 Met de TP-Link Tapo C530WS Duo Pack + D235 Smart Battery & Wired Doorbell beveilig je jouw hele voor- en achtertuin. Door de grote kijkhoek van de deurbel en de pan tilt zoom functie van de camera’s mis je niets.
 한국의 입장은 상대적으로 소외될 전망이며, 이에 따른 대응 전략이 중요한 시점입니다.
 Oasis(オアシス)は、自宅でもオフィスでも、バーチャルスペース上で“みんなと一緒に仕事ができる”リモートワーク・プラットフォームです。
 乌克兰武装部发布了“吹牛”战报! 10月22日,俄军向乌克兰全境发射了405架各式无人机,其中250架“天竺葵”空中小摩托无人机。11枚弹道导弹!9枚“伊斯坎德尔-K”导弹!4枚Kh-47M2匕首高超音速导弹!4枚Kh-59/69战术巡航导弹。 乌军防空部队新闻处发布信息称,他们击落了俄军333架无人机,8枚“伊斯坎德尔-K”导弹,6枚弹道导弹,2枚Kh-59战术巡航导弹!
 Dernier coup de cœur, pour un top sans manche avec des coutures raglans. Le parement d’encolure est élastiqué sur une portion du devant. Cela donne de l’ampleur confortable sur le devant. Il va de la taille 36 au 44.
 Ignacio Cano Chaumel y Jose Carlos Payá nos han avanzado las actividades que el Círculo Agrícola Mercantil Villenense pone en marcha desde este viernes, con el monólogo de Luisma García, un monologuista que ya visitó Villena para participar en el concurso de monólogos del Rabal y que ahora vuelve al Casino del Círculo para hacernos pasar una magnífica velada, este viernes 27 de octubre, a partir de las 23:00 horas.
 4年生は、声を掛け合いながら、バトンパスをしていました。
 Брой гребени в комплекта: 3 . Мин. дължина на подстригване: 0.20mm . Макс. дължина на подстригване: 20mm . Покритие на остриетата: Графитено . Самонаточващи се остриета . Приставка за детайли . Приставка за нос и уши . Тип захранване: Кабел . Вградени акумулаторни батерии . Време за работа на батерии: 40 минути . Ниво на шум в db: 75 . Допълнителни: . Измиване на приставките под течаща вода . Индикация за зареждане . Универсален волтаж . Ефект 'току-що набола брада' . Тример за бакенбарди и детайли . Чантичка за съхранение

^^^^^^^^

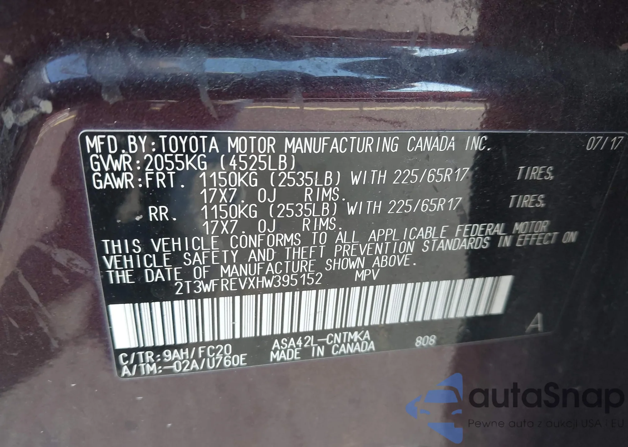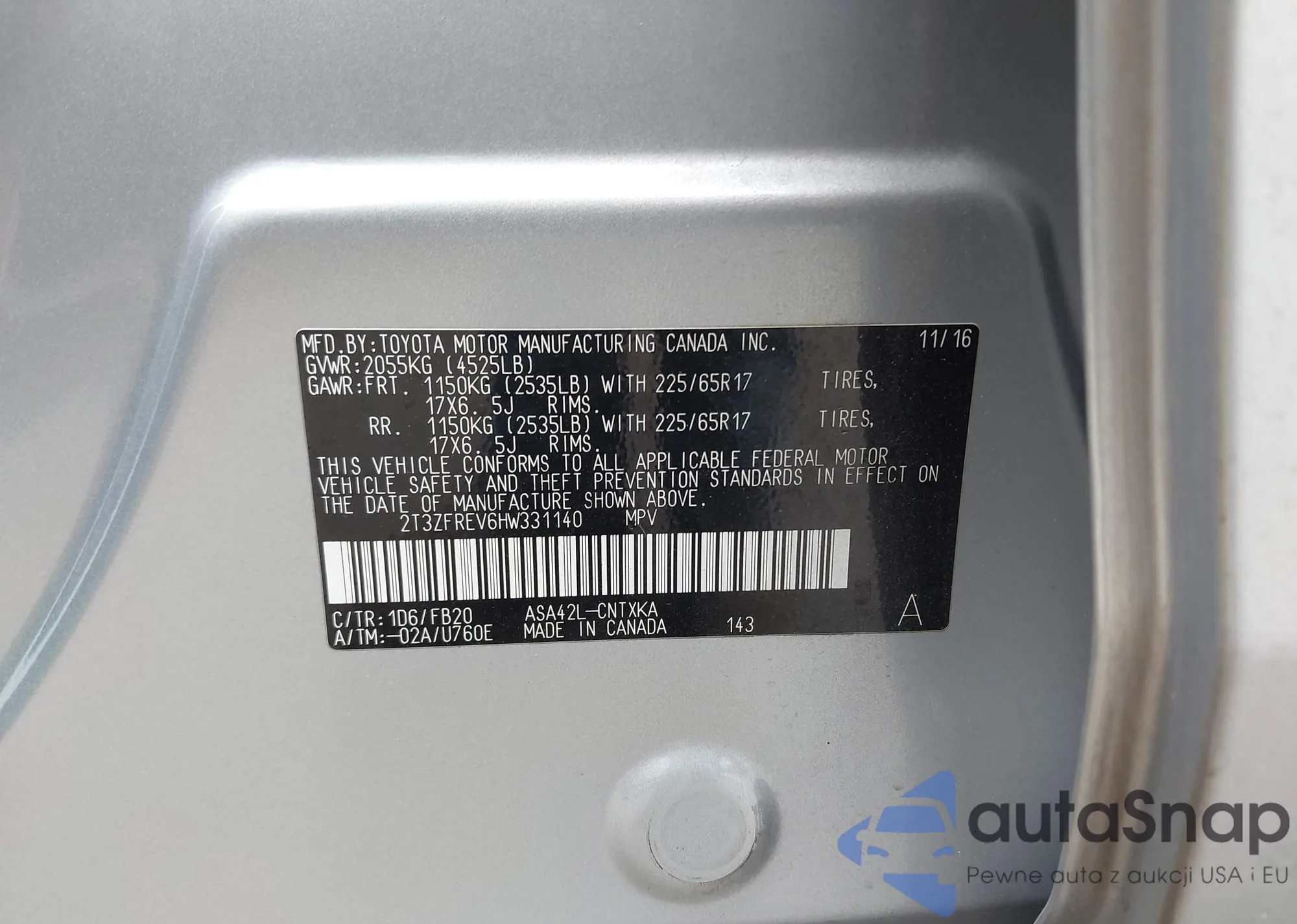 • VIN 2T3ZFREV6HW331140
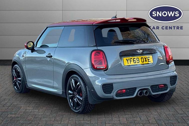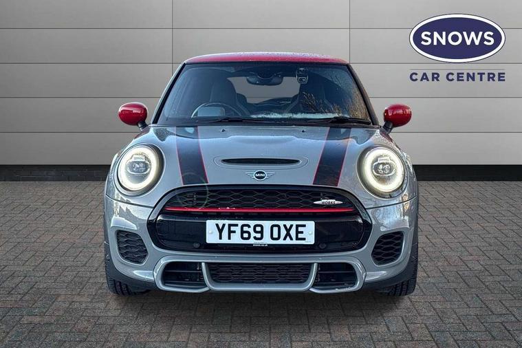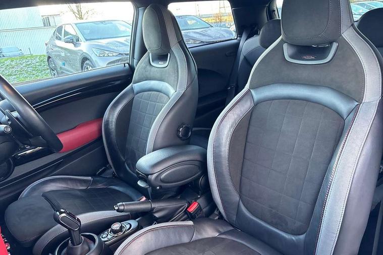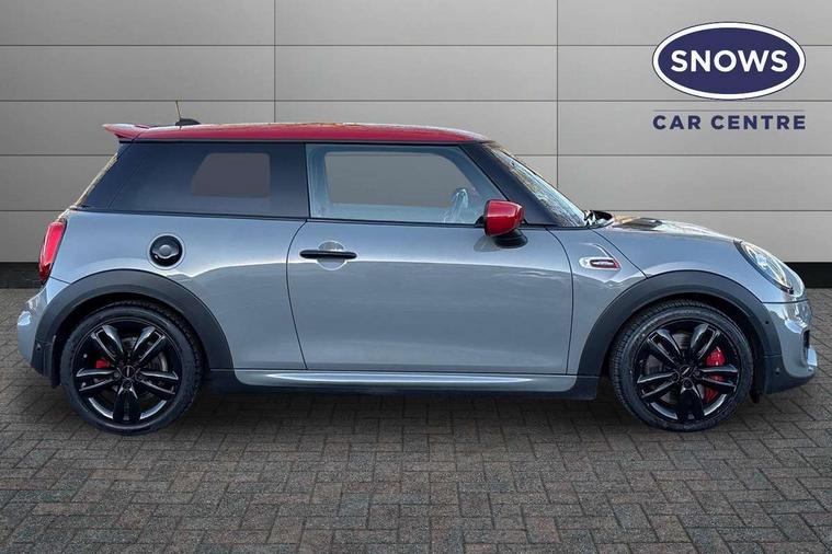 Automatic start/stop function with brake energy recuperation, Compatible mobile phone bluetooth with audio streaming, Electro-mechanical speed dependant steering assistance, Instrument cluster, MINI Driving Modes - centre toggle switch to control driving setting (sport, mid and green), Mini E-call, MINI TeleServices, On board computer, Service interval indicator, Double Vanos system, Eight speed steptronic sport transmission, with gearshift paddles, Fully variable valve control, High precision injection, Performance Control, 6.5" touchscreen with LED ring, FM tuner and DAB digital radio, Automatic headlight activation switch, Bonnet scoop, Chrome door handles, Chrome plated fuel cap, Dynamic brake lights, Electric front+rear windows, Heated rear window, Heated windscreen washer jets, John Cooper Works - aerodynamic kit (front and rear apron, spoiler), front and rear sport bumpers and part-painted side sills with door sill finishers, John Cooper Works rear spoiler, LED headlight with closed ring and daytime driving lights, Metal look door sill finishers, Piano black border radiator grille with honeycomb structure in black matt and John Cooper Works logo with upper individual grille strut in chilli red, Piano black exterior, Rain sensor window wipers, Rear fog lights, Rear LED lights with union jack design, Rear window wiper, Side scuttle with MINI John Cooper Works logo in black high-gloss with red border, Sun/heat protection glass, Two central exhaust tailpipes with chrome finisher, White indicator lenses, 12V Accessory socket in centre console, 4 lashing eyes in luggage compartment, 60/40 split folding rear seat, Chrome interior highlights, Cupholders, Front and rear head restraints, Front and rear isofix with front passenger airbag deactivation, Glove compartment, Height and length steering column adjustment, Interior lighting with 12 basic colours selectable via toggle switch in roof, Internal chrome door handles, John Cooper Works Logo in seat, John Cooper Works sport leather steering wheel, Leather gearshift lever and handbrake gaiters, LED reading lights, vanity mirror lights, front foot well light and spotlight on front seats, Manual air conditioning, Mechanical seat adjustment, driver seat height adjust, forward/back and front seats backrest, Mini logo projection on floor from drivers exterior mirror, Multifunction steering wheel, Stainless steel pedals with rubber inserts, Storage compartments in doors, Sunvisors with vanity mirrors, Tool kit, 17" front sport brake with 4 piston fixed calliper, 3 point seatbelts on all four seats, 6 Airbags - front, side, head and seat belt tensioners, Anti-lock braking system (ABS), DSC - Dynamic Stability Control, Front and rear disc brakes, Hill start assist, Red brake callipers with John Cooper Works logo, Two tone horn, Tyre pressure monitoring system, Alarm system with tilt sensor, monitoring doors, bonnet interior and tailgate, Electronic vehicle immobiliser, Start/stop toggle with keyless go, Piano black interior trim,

^^^^^^^^

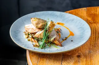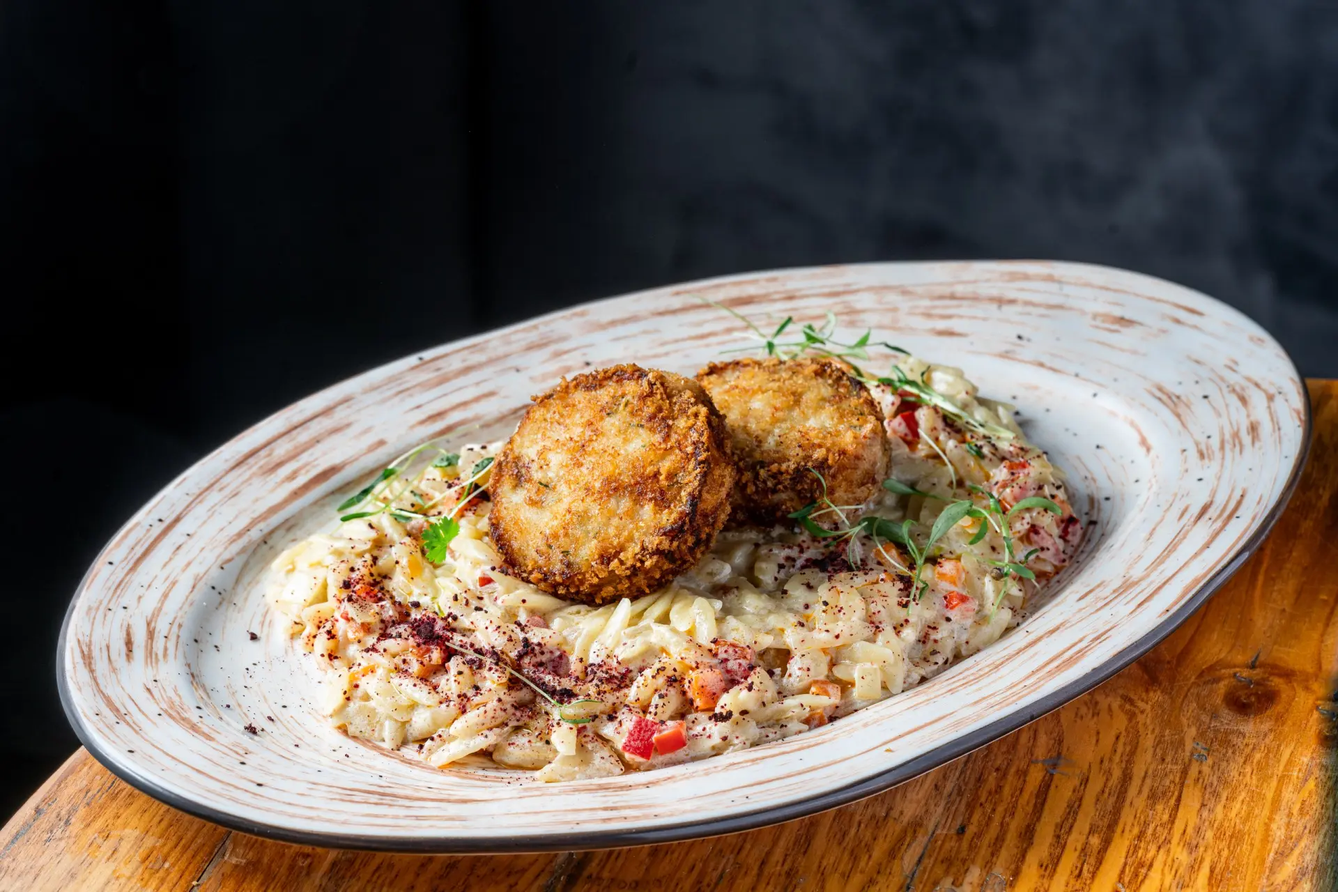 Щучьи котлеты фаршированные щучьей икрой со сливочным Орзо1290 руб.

^^^^^^^^

What is being asked: Scan the entries above for the line containing "Met de TP-Link", and copy it and all lines after it exactly, down to and including the line containing "Брой гребени в".

Expected answer:
 Met de TP-Link Tapo C530WS Duo Pack + D235 Smart Battery & Wired Doorbell beveilig je jouw hele voor- en achtertuin. Door de grote kijkhoek van de deurbel en de pan tilt zoom functie van de camera’s mis je niets.
 한국의 입장은 상대적으로 소외될 전망이며, 이에 따른 대응 전략이 중요한 시점입니다.
 Oasis(オアシス)は、自宅でもオフィスでも、バーチャルスペース上で“みんなと一緒に仕事ができる”リモートワーク・プラットフォームです。
 乌克兰武装部发布了“吹牛”战报! 10月22日,俄军向乌克兰全境发射了405架各式无人机,其中250架“天竺葵”空中小摩托无人机。11枚弹道导弹!9枚“伊斯坎德尔-K”导弹!4枚Kh-47M2匕首高超音速导弹!4枚Kh-59/69战术巡航导弹。 乌军防空部队新闻处发布信息称,他们击落了俄军333架无人机,8枚“伊斯坎德尔-K”导弹,6枚弹道导弹,2枚Kh-59战术巡航导弹!
 Dernier coup de cœur, pour un top sans manche avec des coutures raglans. Le parement d’encolure est élastiqué sur une portion du devant. Cela donne de l’ampleur confortable sur le devant. Il va de la taille 36 au 44.
 Ignacio Cano Chaumel y Jose Carlos Payá nos han avanzado las actividades que el Círculo Agrícola Mercantil Villenense pone en marcha desde este viernes, con el monólogo de Luisma García, un monologuista que ya visitó Villena para participar en el concurso de monólogos del Rabal y que ahora vuelve al Casino del Círculo para hacernos pasar una magnífica velada, este viernes 27 de octubre, a partir de las 23:00 horas.
 4年生は、声を掛け合いながら、バトンパスをしていました。
 Брой гребени в комплекта: 3 . Мин. дължина на подстригване: 0.20mm . Макс. дължина на подстригване: 20mm . Покритие на остриетата: Графитено . Самонаточващи се остриета . Приставка за детайли . Приставка за нос и уши . Тип захранване: Кабел . Вградени акумулаторни батерии . Време за работа на батерии: 40 минути . Ниво на шум в db: 75 . Допълнителни: . Измиване на приставките под течаща вода . Индикация за зареждане . Универсален волтаж . Ефект 'току-що набола брада' . Тример за бакенбарди и детайли . Чантичка за съхранение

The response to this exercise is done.